Now i am backed up into a wall she feels suddenly all 10 years where misery to her when i no for a fact they werent till that game came into my life, but now i am left with just trying to stay away and so forth and spending time with the kids when i can get and i do every minute i can get with them. But i do not want to give up or lose her without having that chance to show her i have changed and i no she dont believe it cause i said the same thing last time but i didnt really take no steps to change.
this time i have gone far and above that and i even no inside this is a life long change , only cause she kicked me out this long already (2months+) it has actually made me think and reflect like i never before have. 
But she has lost trust in me she wants to trust me but cant she hurts just to see me or be near me it seems almost and maybe she does i dont no, she has told my family she still loves me but dont trust me no more .. How do i save my marriage and stop this divorce and keep our kids from a broken home and show her this time it can be different with her mind at the moment being set , and im asking women mainly or men who have similiar storys or experiences in this matter but will look at any advise. Im doing everything i can now even giving her time and space without contact which is hard cause i want to just scream sometimes that its real this time i no it is just give it a chance type of thing, but since this has gone on i have proven over and over that i am different she says she even sees the changes but dont believe they will last..
How do i turn things around and for her to trust me and give that last chance to a husband who does love and care for there family and is willing to do what ever it takes when the wife seems set in this but im not willing to give up either , they mean to much in life just to give up , how can i get her to see that these changes are real for life when she seems to almost hate me right now ??? and dont want to be around me at all almost but yet she still checks on my myspace and such to see what im up to and things like that, and still says she is confused to a mutual friend but doesnt want to give it another chance at this time, yet isnt ruleing out that there could always be a change of mind down the road sometime but wont promise that is possible either.......


----------



## beninneedofhelp (Nov 24, 2009)

ladies please give me some solid advise here im really trying to save a marriage that is worth saving , we have 2 beautiful kids and my son desperatly wants me back in the house my daughter is only 6 months old


----------



## Nekko (Oct 13, 2009)

I dunno...I've played that thing for over 2 years day in day out too...and as expected my relationship got bad too. 

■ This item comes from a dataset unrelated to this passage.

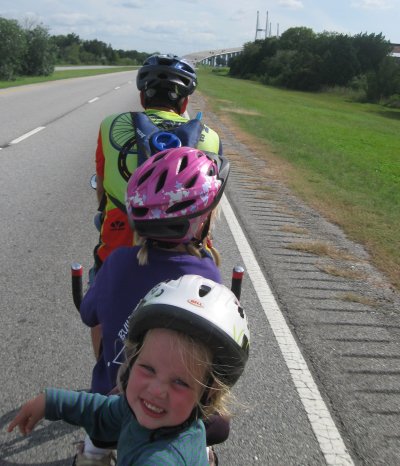 Mile after mile we enjoy the scenery, the spanish moss, the butterflies and the lilies. We ride through small communities, we see the smallest church of America, we are followed by a three legged dog. We snack and we pedal, we roll and we stop. We are alive. We are together as a family on an unforgetable journey.

Only thing i can suggest is to ask her to start over with you, as if you were a new person. Of course that means you both stick to it and actually pretend you're new to eachother (being nice no matter what and basically trying to seduce eachother). That's the best idea i can think of.


----------



## beninneedofhelp (Nov 24, 2009)

i wish it was that easy says she wants to be friends tells this mutaul friend conflicting things on getting back but on top of being just friends while still married she wont let me be near her either and like i said i spent this first 2 months writing her constantly something i have found out that pushed her away more now i cant be near her most the time or she just gets upset then to top it off i dont see how to earn trust of friendship when there isnt no bridge at all other then our kids and one is only 6 months old the other just wants me back at home...... but i am trying and im sorry you have been doing what you have been for 2 years i hope i dont have to deal with that but i wont give up on my kids and her i no i will wait in pain if need be and hope for the best everyday and look for advise where ever i can


----------



## Terra (Nov 14, 2009)

"Trying" may seem hollow right now. The word trying means to "make an attempt." The word attempt means to "make an effort." So you say you are trying. But maybe its going to take more then simply "trying" which to me can actually be feeble superficial activities that do not necessarily mean you have internalized anything and shown you have changed.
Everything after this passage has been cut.